Diana Christmas
Page 15
I dreamt of her every night. That crunch of the banana-yellow van striking her body was in my thoughts every moment of the day. I hated myself, I still hated her too, but I realised – horribly – just how much I loved her.
This was a woman who wanted to shoot me, who happily left me for dead on the concrete floor of Motspur Studio. She killed two men and then threw me away as if I were nothing. As far as I could tell, she had no real guilt for what she did to them or wanted to do to me, yet I was racked with self-loathing for what I did to her.
The rest of that summer was quiet. I did manage to find a late place on a teacher training course in Cardiff to appease my mum, but nothing else. I didn’t do any bar work, I didn’t sign on, I just drifted.
And I stayed in my brooding haze right until the slightly chilly August Bank Holiday Monday, when I saw the familiar silver-grey Rolls-Royce parked about a hundred and fifty yards from my mum’s front door.
Chapter Twenty-Eight
August 25th, 1980
Romesh stepped hulking out of the Rolls as I approached, his face sphinx-like, as if he’d never even seen me before.
Without fear I walked straight up to the man who had hospitalised me, then ignored him. I opened the back door and, without invitation, slid myself onto the back seat next to Grayson Gilbert.

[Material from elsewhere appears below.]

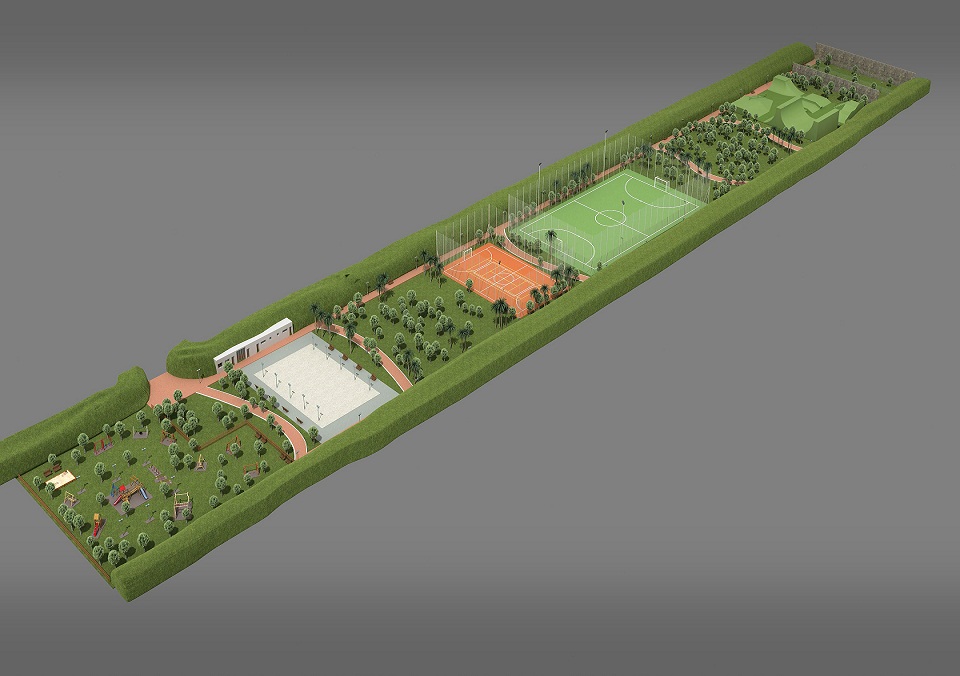 L’ipotesi progettuale, per un costo complessivo di 500.000 euro (€ 250mila da fondi ministeriali e gli altri da mutuo) prevede anche una cura particolare per il verde che manterrà una preponderanza nel complesso del parco mentre a supporto delle istallazioni è previsto anche uno spazio dedicato ad un circolo ricreativo , deposito attrezzi e spogliatoi con servizi.

The director’s face peered up with a welcoming cheerfulness which wasn’t surprised at all. There was even a gasp of delight, his mouth forming a perfect O. That morning, in his rich, velvet, purple suit, he might have fitted in well at one of London’s more avant-garde clubs, but he was totally out of place in Wickstanley. No wonder he stayed in the car.

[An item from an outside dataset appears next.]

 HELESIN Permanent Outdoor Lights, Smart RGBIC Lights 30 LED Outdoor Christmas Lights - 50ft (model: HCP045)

I slammed the door behind me, probably as carelessly as anyone had ever treated that Rolls, but it didn’t seem to disturb him a jot.

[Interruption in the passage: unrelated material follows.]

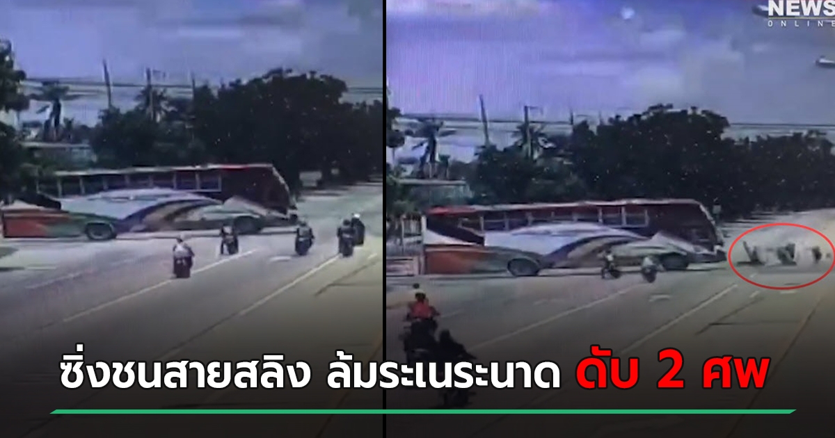 คลิปนาทีสลด สิบล้อมักง่าย ผูกสายสลิงลากรถบัส - จยย. มองไม่เห็น พุ่งชนดับคาที่

“Mr Mallory,” he said, his smile almost paternal. “So pleased to see you again. Tell me, did our friends in blue treat you more gently this time?”
“I survived. You?”
He shrugged. “It was of course horrendous for me to learn that I’d been sharing my house – my very home – with a murderess. Just shocking.” He stared away distantly, ostensibly to the front seat and the back of Romesh’s head, but clearly much further. “Sharing my house and sharing my life, but not sharing my bed. I want you to understand that I’m not a rival in that sense, Mr Mallory. I have rather particular tastes, and Diana – the Lord bless her – knew and understood that.”
“Diana told me that you were trying to control her.”
“Did she?” he tutted. “We were strangers to each other’s lives for such a long time, and, dealing with her every day, I really began to understand why.”
His eyes still forward, he leant his chin on his cane, which I realised I’d never actually seen him walk with. It was just a prop, there to make the scenes he played out in the back of his chauffeur-driven car more visually interesting.
The silence hung between us, jagged and unpleasant.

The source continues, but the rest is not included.